An unchanged copy of all the lines below is expected, and it should contain no pictures.

[SOURCE MATERIAL]

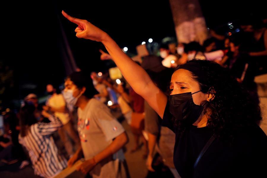 Algunos participantes en la protesta lanzaron globos con pintura contra el edificio, hicieron pintas en el piso y colocaron velas encendidas, sin que se registraran incidentes y bajo la vigilancia de agentes de la Policía que llegaron al lugar.
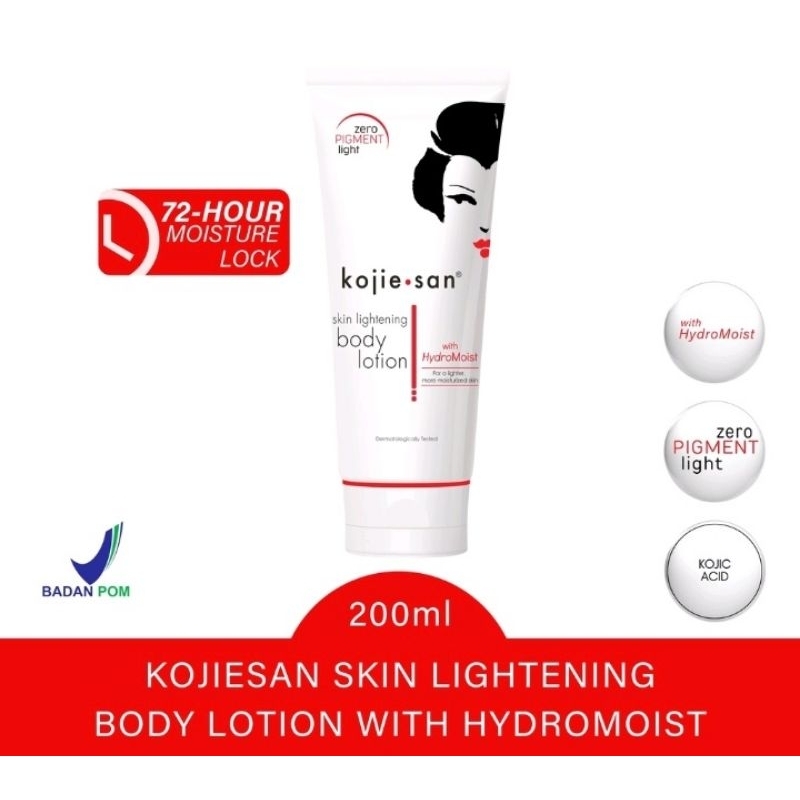 Kojie-San Body Lightening Skin Lotion dengan formula yang ringan dan tidak berminyak sehingga mudah meresap di kulit - Secara mendalam melembabkan kulit, membuat kulit lembut, halus dan terhidrasi hingga 72 jam. - Membantu mengembalikan dan memperkuat pertahanan kulit, mengurangi tampilan kulit yang kasar dan Stretch Marks.
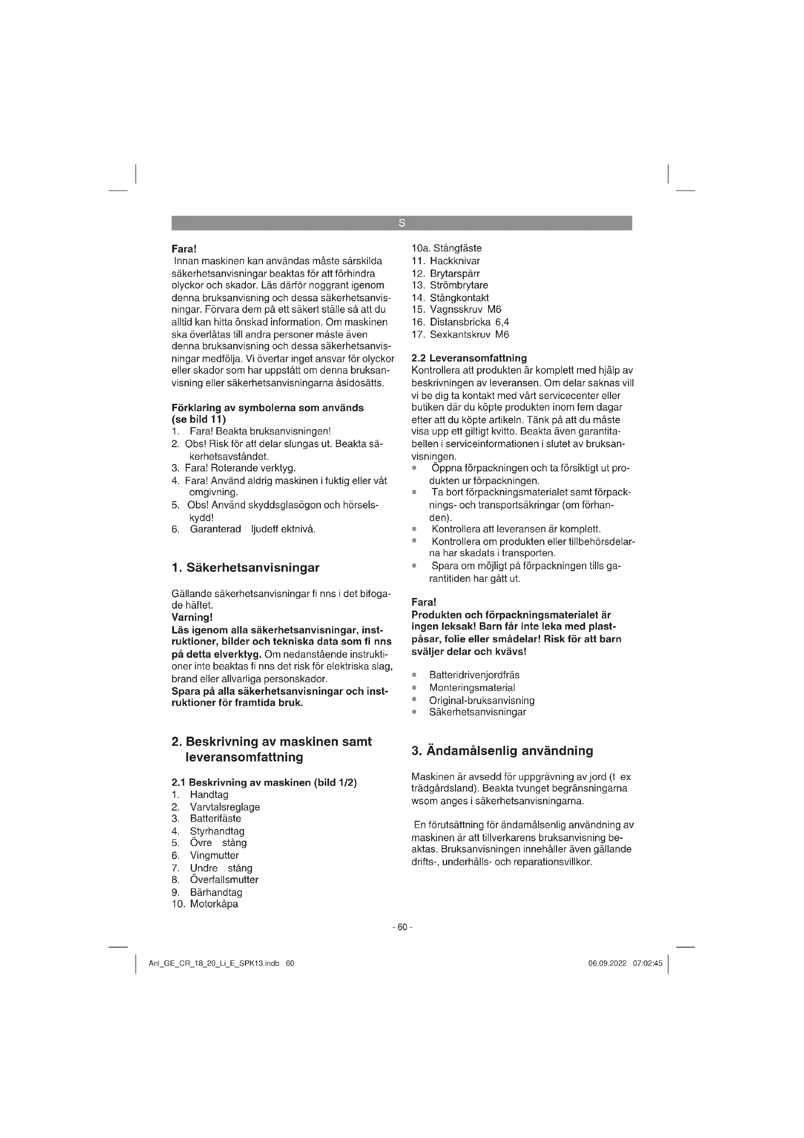 Maskinen är avsedd för uppgrävning av jord (t ex trädgårdsland). Beakta tvunget begränsningarna wsom anges i säkerhetsanvisningarna. En förutsättning för ändamålsenlig användning av maskinen är att tillverkarens bruksanvisning be- aktas. Bruksanvisningen innehåller även gällande drifts-, underhålls- och reparationsvillkor. Anl_GE_CR_18_20_Li_E_SPK13.indb 60Anl_GE_CR_18_20_Li_E_SPK13.indb 60 06.09.2022 07:02:4506.09.2022 07:02:45S
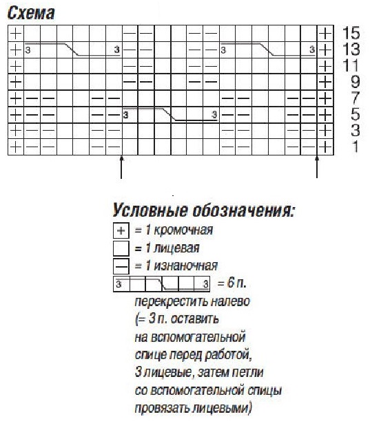 Вязать по схеме. На ней даны только лицевые ряды; в изнаночных рядах петли провязывать по рисунку. Начать с 1 кромочной, постоянно повторять раппорт из 12 п. между стрелками, закончить 0 (0) 6 п. после левой стрелки и 1 кромочной. Постоянно повторять 1-16-й р.
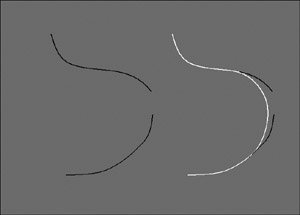 | Figure 7.23. The original curves on the left, and the new attached curve on the right. The original curves have been retained in this example.  Figure 7.24. The second curve has been connected to the first, instead of blended.  To detach a curve: 1. | Select a curve with the Pick mask set to Component: Parm Points mode.
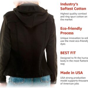 Amazing Ladies’ Denim Jacket with Fleece Hoodie – Presents for Women – Fashion Women Clothing – Light Washed, L
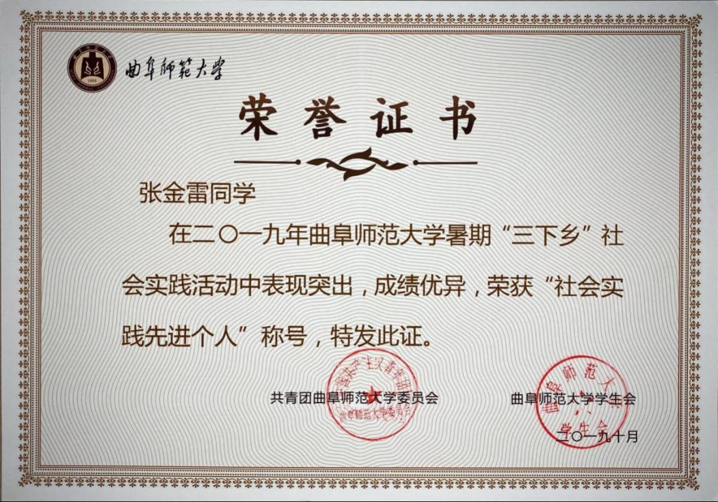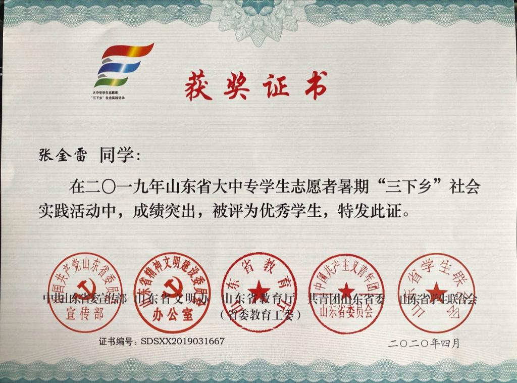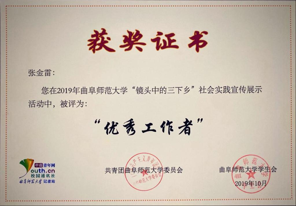 暑期“镜头中的三下乡”社会实践先进个人和“优秀工作者”等荣誉。
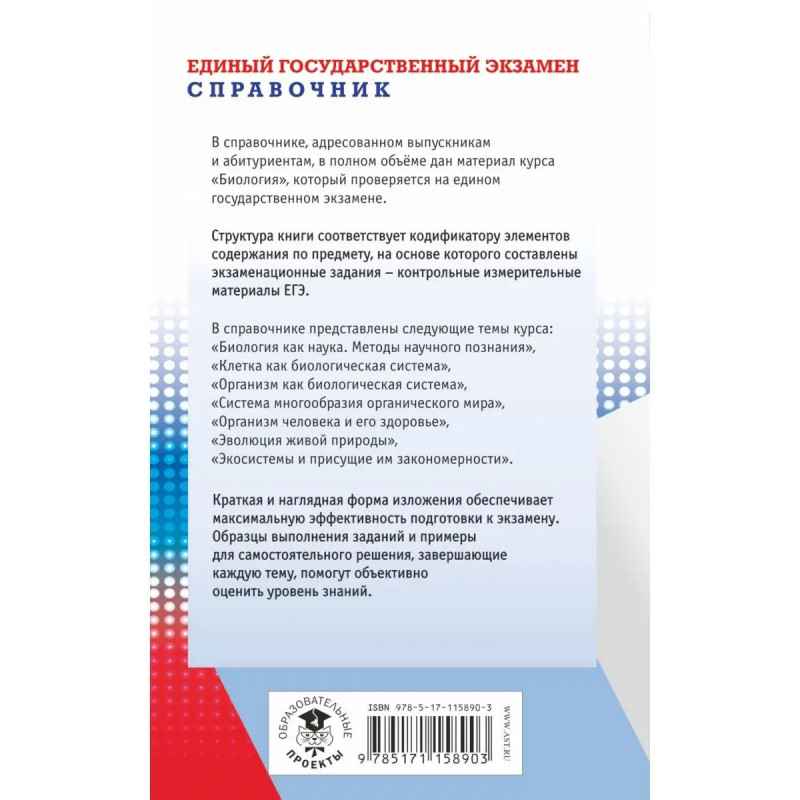 Вниманию учащихся и учителей предлагается новое учебное пособие, которое поможет успешно подготовиться к единому государственному экзамену по биологии. Справочник содержит весь теоретический материал по курсу биологии, необходимый для сдачи ЕГЭ. Он включает в себя все элементы содержания, проверяемые контрольно-измерительными материалами, и помогает обобщить и систематизировать знания и умения за курс средней (полной) школы. Теоретический материал изложен в краткой, доступной форме. Каждый раздел сопровождается примерами тестовых заданий, позволяющими проверить свои знания и степень подготовленности к аттестационному экзамену. Практические задания соответствуют формату ЕГЭ. В конце пособия приводятся ответы к тестам, которые помогут школьникам и абитуриентам проверить себя и восполнить имеющиеся пробелы. Пособие адресовано школьникам, абитуриентам и учителям.
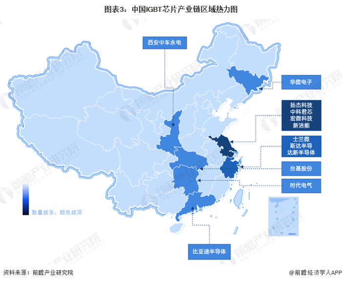 IGBT芯片产业链区域热力地图:代表企业主要分布在东南沿海地区

[/SOURCE MATERIAL]

_ANSWER AREA_.
 Algunos participantes en la protesta lanzaron globos con pintura contra el edificio, hicieron pintas en el piso y colocaron velas encendidas, sin que se registraran incidentes y bajo la vigilancia de agentes de la Policía que llegaron al lugar.
 Kojie-San Body Lightening Skin Lotion dengan formula yang ringan dan tidak berminyak sehingga mudah meresap di kulit - Secara mendalam melembabkan kulit, membuat kulit lembut, halus dan terhidrasi hingga 72 jam. - Membantu mengembalikan dan memperkuat pertahanan kulit, mengurangi tampilan kulit yang kasar dan Stretch Marks.
 Maskinen är avsedd för uppgrävning av jord (t ex trädgårdsland). Beakta tvunget begränsningarna wsom anges i säkerhetsanvisningarna. En förutsättning för ändamålsenlig användning av maskinen är att tillverkarens bruksanvisning be- aktas. Bruksanvisningen innehåller även gällande drifts-, underhålls- och reparationsvillkor. Anl_GE_CR_18_20_Li_E_SPK13.indb 60Anl_GE_CR_18_20_Li_E_SPK13.indb 60 06.09.2022 07:02:4506.09.2022 07:02:45S
 Вязать по схеме. На ней даны только лицевые ряды; в изнаночных рядах петли провязывать по рисунку. Начать с 1 кромочной, постоянно повторять раппорт из 12 п. между стрелками, закончить 0 (0) 6 п. после левой стрелки и 1 кромочной. Постоянно повторять 1-16-й р.
 | Figure 7.23. The original curves on the left, and the new attached curve on the right. The original curves have been retained in this example.  Figure 7.24. The second curve has been connected to the first, instead of blended.  To detach a curve: 1. | Select a curve with the Pick mask set to Component: Parm Points mode.
 Amazing Ladies’ Denim Jacket with Fleece Hoodie – Presents for Women – Fashion Women Clothing – Light Washed, L
 暑期“镜头中的三下乡”社会实践先进个人和“优秀工作者”等荣誉。
 Вниманию учащихся и учителей предлагается новое учебное пособие, которое поможет успешно подготовиться к единому государственному экзамену по биологии. Справочник содержит весь теоретический материал по курсу биологии, необходимый для сдачи ЕГЭ. Он включает в себя все элементы содержания, проверяемые контрольно-измерительными материалами, и помогает обобщить и систематизировать знания и умения за курс средней (полной) школы. Теоретический материал изложен в краткой, доступной форме. Каждый раздел сопровождается примерами тестовых заданий, позволяющими проверить свои знания и степень подготовленности к аттестационному экзамену. Практические задания соответствуют формату ЕГЭ. В конце пособия приводятся ответы к тестам, которые помогут школьникам и абитуриентам проверить себя и восполнить имеющиеся пробелы. Пособие адресовано школьникам, абитуриентам и учителям.
 IGBT芯片产业链区域热力地图:代表企业主要分布在东南沿海地区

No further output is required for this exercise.